For the records that follow, please set down exactly the lines between the one holding "The Realme GT" and the one holding "Con el otro", inclusive, and only those.

Input records:

[Start of section]

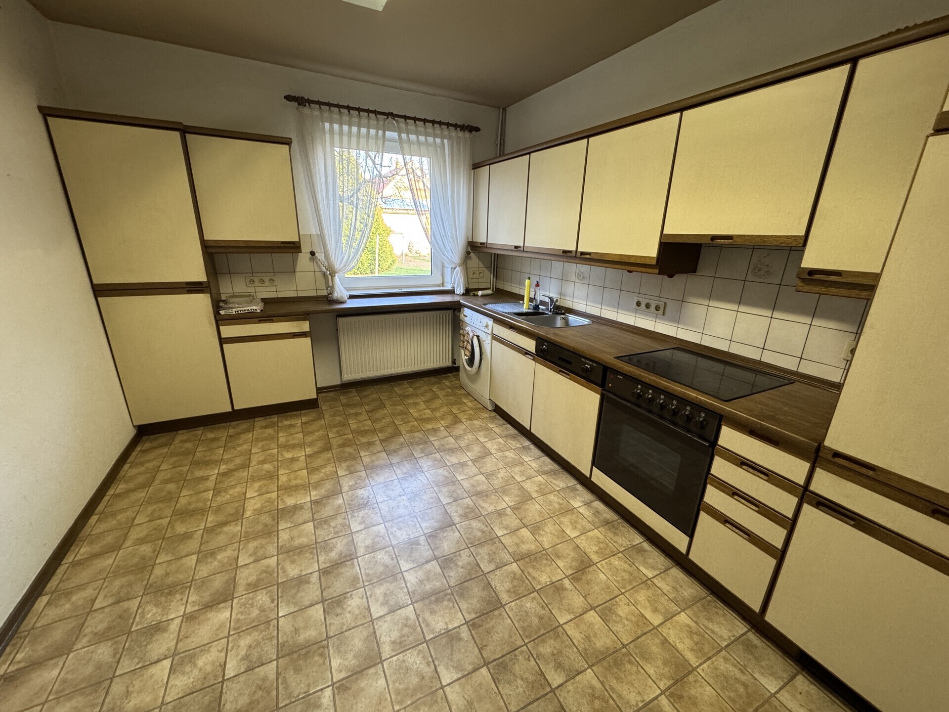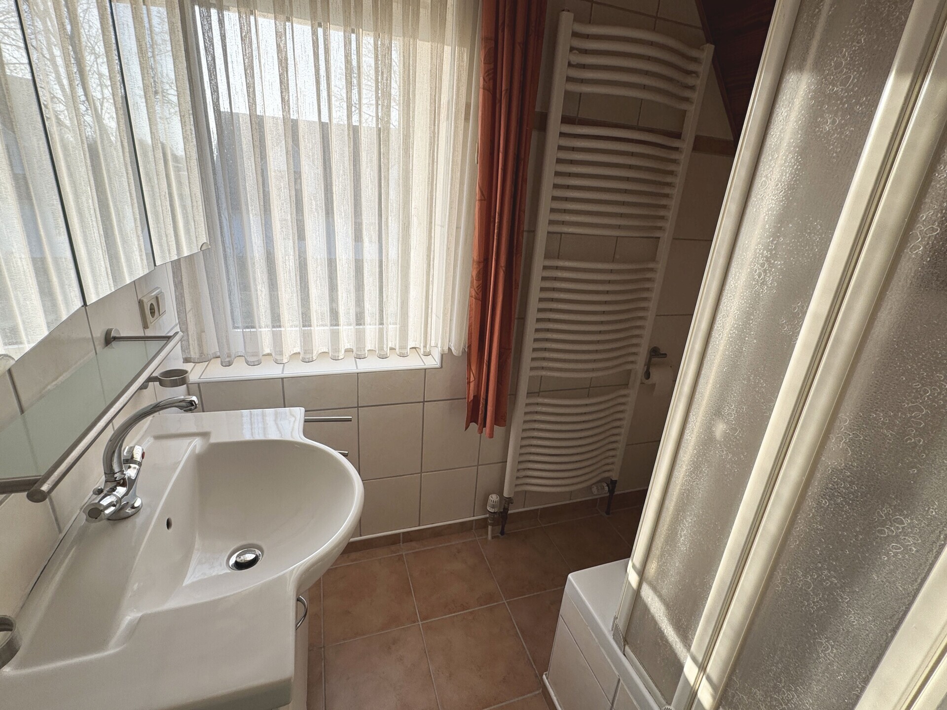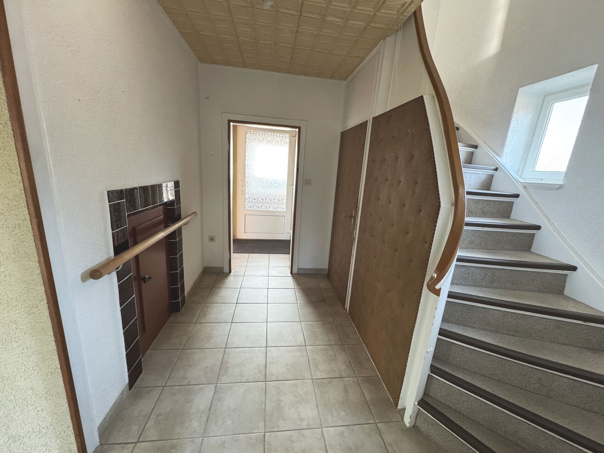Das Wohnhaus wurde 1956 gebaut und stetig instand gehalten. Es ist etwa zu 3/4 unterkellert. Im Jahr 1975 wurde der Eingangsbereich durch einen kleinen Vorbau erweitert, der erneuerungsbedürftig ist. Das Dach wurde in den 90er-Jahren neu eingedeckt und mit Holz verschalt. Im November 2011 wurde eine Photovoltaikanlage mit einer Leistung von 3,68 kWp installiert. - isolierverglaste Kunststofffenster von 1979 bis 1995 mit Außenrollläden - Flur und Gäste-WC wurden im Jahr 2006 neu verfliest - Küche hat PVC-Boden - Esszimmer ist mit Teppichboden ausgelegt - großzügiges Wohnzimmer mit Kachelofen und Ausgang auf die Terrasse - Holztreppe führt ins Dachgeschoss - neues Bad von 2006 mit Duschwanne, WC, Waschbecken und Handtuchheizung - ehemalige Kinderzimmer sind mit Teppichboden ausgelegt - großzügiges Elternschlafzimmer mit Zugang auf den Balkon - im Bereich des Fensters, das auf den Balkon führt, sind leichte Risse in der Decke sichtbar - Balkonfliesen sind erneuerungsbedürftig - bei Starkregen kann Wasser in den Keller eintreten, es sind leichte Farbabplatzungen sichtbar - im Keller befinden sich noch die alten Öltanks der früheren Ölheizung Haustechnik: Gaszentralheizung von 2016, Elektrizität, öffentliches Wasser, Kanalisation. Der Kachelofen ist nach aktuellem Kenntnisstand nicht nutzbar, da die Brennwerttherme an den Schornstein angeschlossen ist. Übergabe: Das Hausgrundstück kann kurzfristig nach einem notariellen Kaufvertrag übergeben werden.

[End of section]
[Start of section]

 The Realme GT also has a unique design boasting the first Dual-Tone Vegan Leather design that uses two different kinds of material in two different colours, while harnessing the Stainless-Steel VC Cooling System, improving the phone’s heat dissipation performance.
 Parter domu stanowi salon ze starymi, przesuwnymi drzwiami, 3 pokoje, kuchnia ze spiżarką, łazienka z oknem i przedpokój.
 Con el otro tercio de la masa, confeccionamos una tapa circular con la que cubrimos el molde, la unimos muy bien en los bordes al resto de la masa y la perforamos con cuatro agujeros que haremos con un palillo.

[End of section]

Answer to this problem:
 The Realme GT also has a unique design boasting the first Dual-Tone Vegan Leather design that uses two different kinds of material in two different colours, while harnessing the Stainless-Steel VC Cooling System, improving the phone’s heat dissipation performance.
 Parter domu stanowi salon ze starymi, przesuwnymi drzwiami, 3 pokoje, kuchnia ze spiżarką, łazienka z oknem i przedpokój.
 Con el otro tercio de la masa, confeccionamos una tapa circular con la que cubrimos el molde, la unimos muy bien en los bordes al resto de la masa y la perforamos con cuatro agujeros que haremos con un palillo.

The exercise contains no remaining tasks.